I. Background Michigan’s “common-law collateral-source rule provides that the recovery of damages from a tortfeasor is not reduced by the plaintiff’s receipt of money in compensation for his injuries from other sources.” Tebo v. Havlik, 418 Mich. 350, 366 (1984) (emphasis added) (citations omitted). But in 1986, the Michigan Legislature enacted the statutory collateral source rule “as part of a wave of comprehensive tort reforms.” Greer v. Advantage Health, 499 Mich. 975, 880 N.W.2d 786, 787 (Mem.) (2016) (Zahra, J., concurring); see ECF 32-5, PgID 366–69. The “rule is designed to prevent double recovery by plaintiffs.” State Auto. Mut. Ins. Co. v. Fieger, 477 Mich.

1068, 1072 (2007) (Young, J. concurring); see also Christopher Doyle, Collateral Damage, 96-Mar. Mich. Bar J. 32, 34 n.13 (2017) (collecting cases). Under the statutory rule, when personal injury verdicts involve damages for “medical care,” “loss of earning capacity, or other economic loss,” the Court must “reduce that portion of the judgment which represents damages paid or payable by a collateral source.” Mich. Comp. Laws § 600.6303(1). A “‘collateral source’ means benefits received or receivable from an insurance policy.” § 600.6303(4).
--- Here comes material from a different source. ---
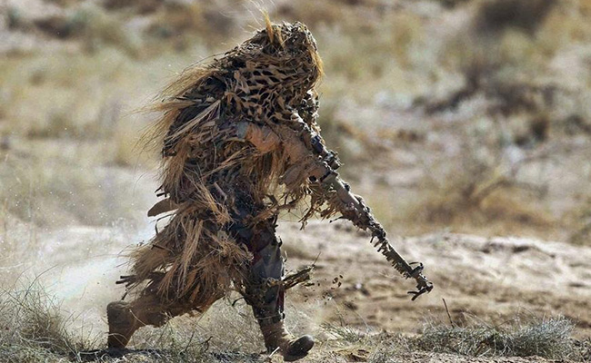 An Indian soldier completely covered in desert camouflage participates in a military exercise on December 5, 2011. Photo: ifeng.com

And “benefits

from a collateral source” are not “considered payable or receivable unless” the Court finds an “existing contractual or statutory obligation” for the “collateral source to pay the benefits.” § 600.6303(5). When a court renders a verdict for a plaintiff, it must issue judgment for “[a]ll past economic damages, less collateral source payments as provided for in section 6303.” § 6306(1)(a). The judgment must include “[a]ll future economic damages, less

medical and other health care costs and less collateral source payments determined to be collectible under section 6303(5), reduced to gross present cash value.” § 6306(1)(c). And it must also include “[a]ll future medical and other health care costs, reduced to gross present cash value.” § 600.6306(1)(d). But “Sections 6306(1)(c), (d) . . . do not apply to a plaintiff who is 60 years of age or older at the time of judgment.” § 600.6311. II. Section 6311 The parties agree that Section 6311 applies here because Plaintiff’s husband is more than sixty years old. ECF 32, PgID 234; ECF 33, PgID 397; see Shinholster v.
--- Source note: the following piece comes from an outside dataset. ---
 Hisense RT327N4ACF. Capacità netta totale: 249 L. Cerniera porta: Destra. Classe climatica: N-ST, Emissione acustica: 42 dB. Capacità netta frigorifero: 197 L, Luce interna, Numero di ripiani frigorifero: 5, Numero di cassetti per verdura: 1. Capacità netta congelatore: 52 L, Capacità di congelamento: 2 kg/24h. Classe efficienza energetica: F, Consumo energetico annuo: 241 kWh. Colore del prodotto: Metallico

Annapolis Hosp., 471 Mich. 540, 570–71 (2004) (noting that the age of the real party in interest—not the age of the estate representative—determines whether Section 6311 applies). The parties, however, disagree about how to read Section 6311. ECF 32, PgID 234; ECF 33, PgID 397. Simply put, Section 6311 is not as far reaching as Defendant stressed. Defendant reasoned that Section 6311’s plain text bars Sections 6306(1)(c), (d). (“Sections 6306(1)(c), (d) . . . do not apply to a plaintiff who is 60 years of age or older

at the time of judgment.”). But Michigan Courts have read Section 6311 to merely prevent a court from “reduc[ing] any future damages award to plaintiff to their present value.” Shinholster, 471 Mich. at 572.